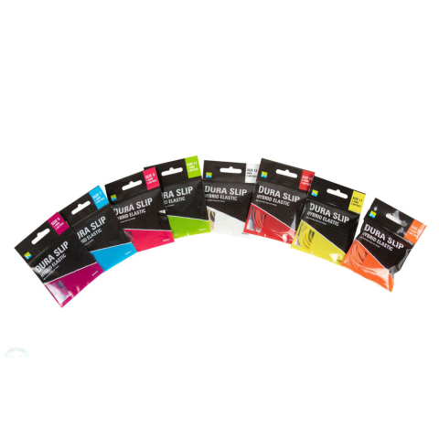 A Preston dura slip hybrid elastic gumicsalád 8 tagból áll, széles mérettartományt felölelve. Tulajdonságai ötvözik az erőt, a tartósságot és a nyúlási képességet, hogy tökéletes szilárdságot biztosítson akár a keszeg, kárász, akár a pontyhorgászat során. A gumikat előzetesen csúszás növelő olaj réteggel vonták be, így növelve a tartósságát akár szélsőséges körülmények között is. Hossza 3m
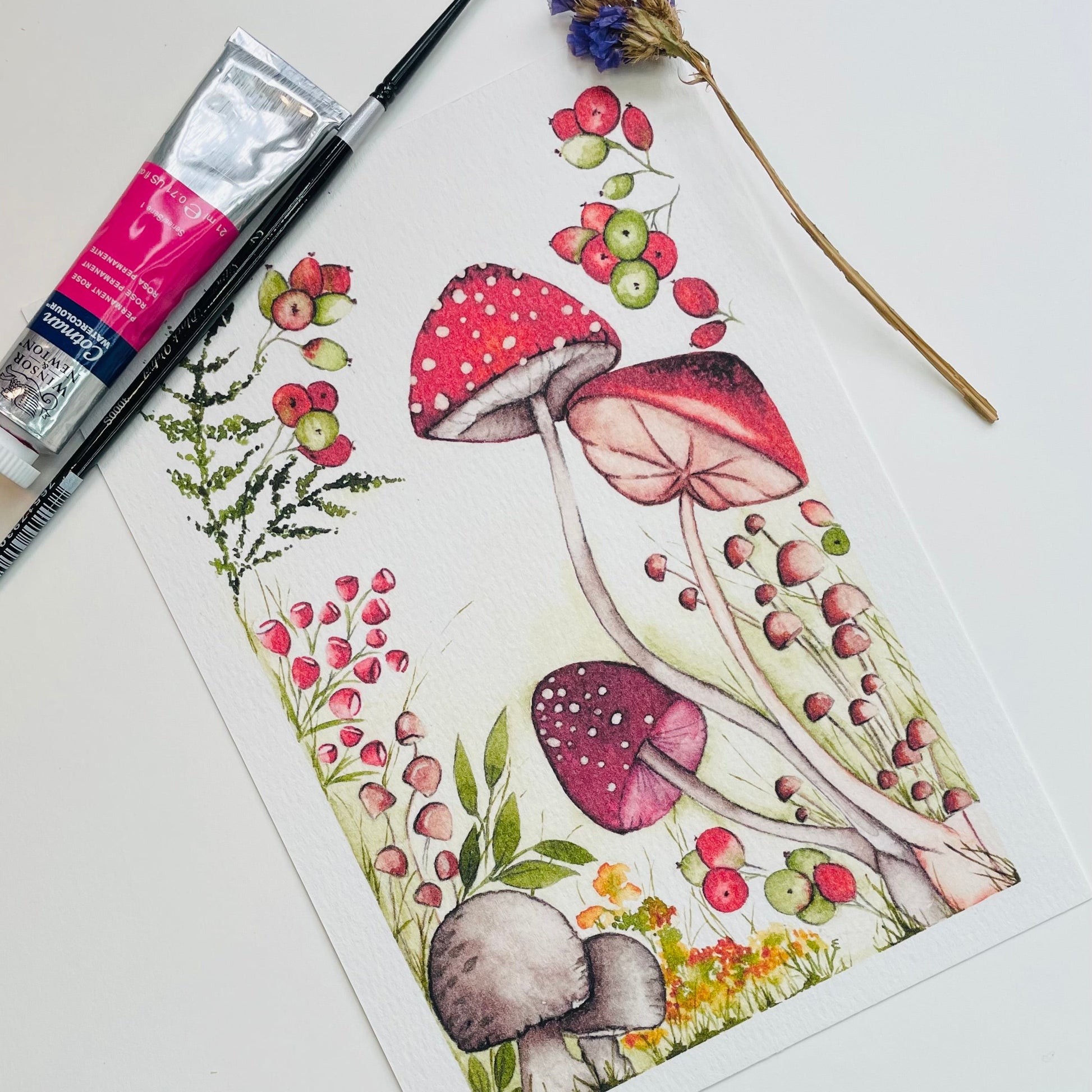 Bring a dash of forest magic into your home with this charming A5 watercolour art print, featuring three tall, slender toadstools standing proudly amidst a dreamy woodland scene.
■ ■ ■
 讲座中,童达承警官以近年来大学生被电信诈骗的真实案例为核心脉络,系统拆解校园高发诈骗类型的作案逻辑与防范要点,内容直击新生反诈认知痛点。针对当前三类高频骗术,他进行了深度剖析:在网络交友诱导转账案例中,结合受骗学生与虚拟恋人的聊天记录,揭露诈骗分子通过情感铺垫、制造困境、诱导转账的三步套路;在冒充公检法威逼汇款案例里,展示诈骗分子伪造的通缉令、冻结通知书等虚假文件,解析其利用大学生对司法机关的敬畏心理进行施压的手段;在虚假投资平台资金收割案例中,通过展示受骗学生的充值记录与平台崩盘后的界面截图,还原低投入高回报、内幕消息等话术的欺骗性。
■ ■ ■
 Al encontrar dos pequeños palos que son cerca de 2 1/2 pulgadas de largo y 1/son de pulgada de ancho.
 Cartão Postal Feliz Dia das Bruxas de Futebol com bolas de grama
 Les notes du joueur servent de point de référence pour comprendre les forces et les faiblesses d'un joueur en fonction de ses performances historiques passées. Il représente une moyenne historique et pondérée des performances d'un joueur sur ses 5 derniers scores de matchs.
■ ■ ■
### Exercise
Here the job is to copy the stretch of records from the line containing "A Preston dura" through the line containing "Bring a dash", word for word. Leave every picture out.

### Worked solution
 A Preston dura slip hybrid elastic gumicsalád 8 tagból áll, széles mérettartományt felölelve. Tulajdonságai ötvözik az erőt, a tartósságot és a nyúlási képességet, hogy tökéletes szilárdságot biztosítson akár a keszeg, kárász, akár a pontyhorgászat során. A gumikat előzetesen csúszás növelő olaj réteggel vonták be, így növelve a tartósságát akár szélsőséges körülmények között is. Hossza 3m
 Bring a dash of forest magic into your home with this charming A5 watercolour art print, featuring three tall, slender toadstools standing proudly amidst a dreamy woodland scene.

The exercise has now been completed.